The disadvantage to an irrevocable trust, however, is that you will be sacrificing all or almost all control over trust assets, unlike in the revocable trust situation. Once an irrevocable trust is established, you as grantor/settlor/trustor cannot directly alter the terms and, generally speaking, your access to trust money is restricted or entirely precluded – as is required in order to enjoy the potent benefits of this kind of trust.
Think of an irrevocable trust as being like the treasure chest with the locked lid. Your trustee – who generally cannot be you – is the one with the key. You yourself can no longer reach your assets.

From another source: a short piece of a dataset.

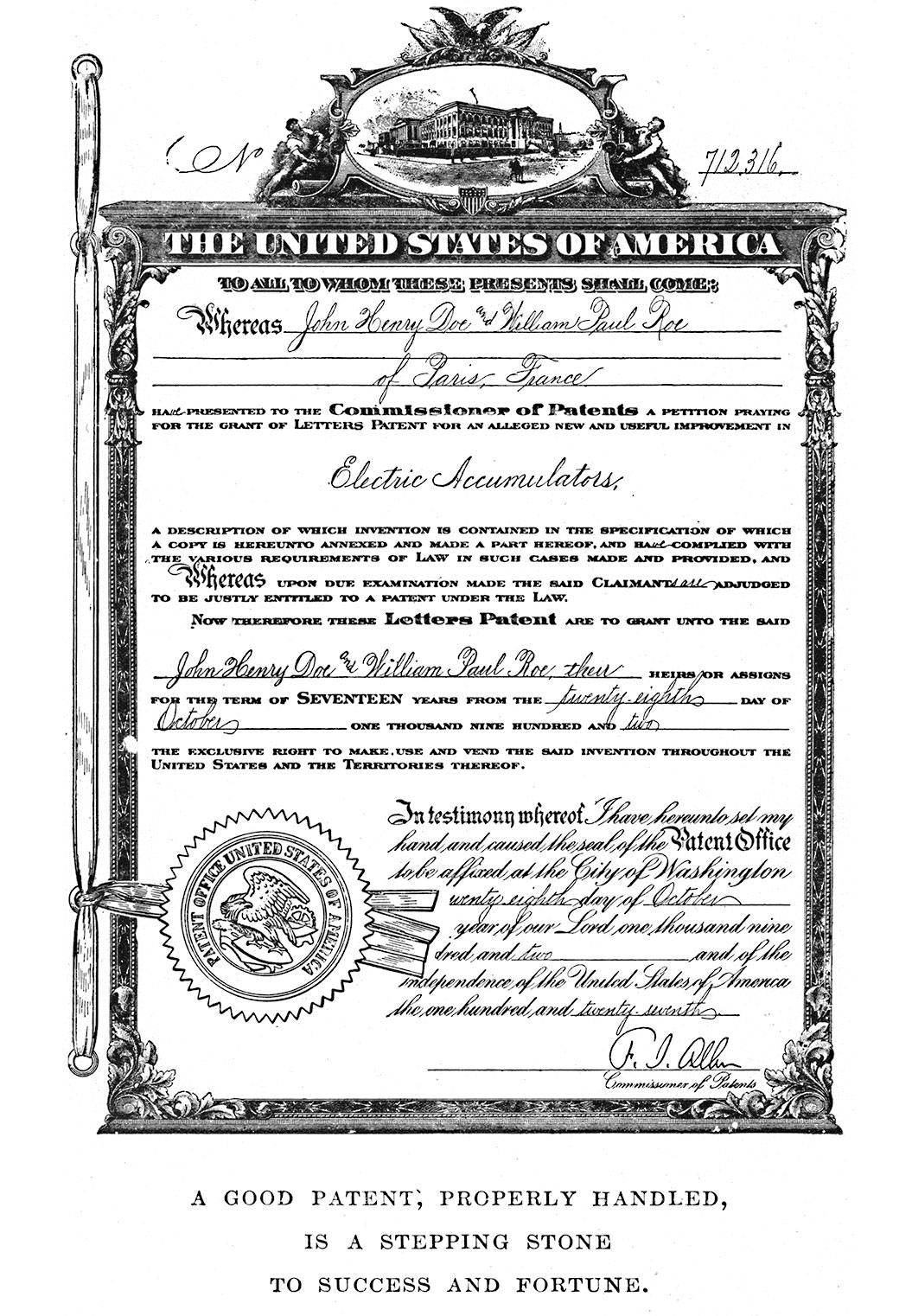 Speaking along this line in an official report the chief examiner of the Patent Office says: "A patent, if it is worth anything, when properly managed, is worth and can easily be sold for from $1,000 to $50,000. These remarks only apply to patents of ordinary or minor value. They do not include such as the telegraph, the planing machine, and the rubber patents, which are worth millions each. A few cases of the first kind will better illustrate my meaning:

This relinquishment of control is necessary to shelter your assets from creditors, or to protect your assets when entitlement to government benefits would otherwise require you to spend almost all you own first.
There are ways to draft an irrevocable trust carefully, so you can still exert your will over how assets are to be used. Just as in the revocable situation, you can impose conditions that must be met before a beneficiary can receive funds. You can designate how trust income is to be used for specific purposes like college tuition, a business start-up, or travel. You can also authorize a person or entity as “trust protector,” who can alter trust language, correct drafting errors, or create a new similar trust if the law changes.
And there you have the basics. Now you’re ready to decide whether you need a credit shelter trust, or a charitable trust, or a qualified terminable interest trust, or a blind trust, or…well, just come see us to figure out all the rest!
A Few Trust Caveats
Some sophisticated trusts do convey tax benefits, but, for the most part, IRS considers revocable trusts to be invisible. You as grantor/settlor/trustmaker will still pay tax on the revocable-trust income, albeit at your individual rate and not at the higher trust rate.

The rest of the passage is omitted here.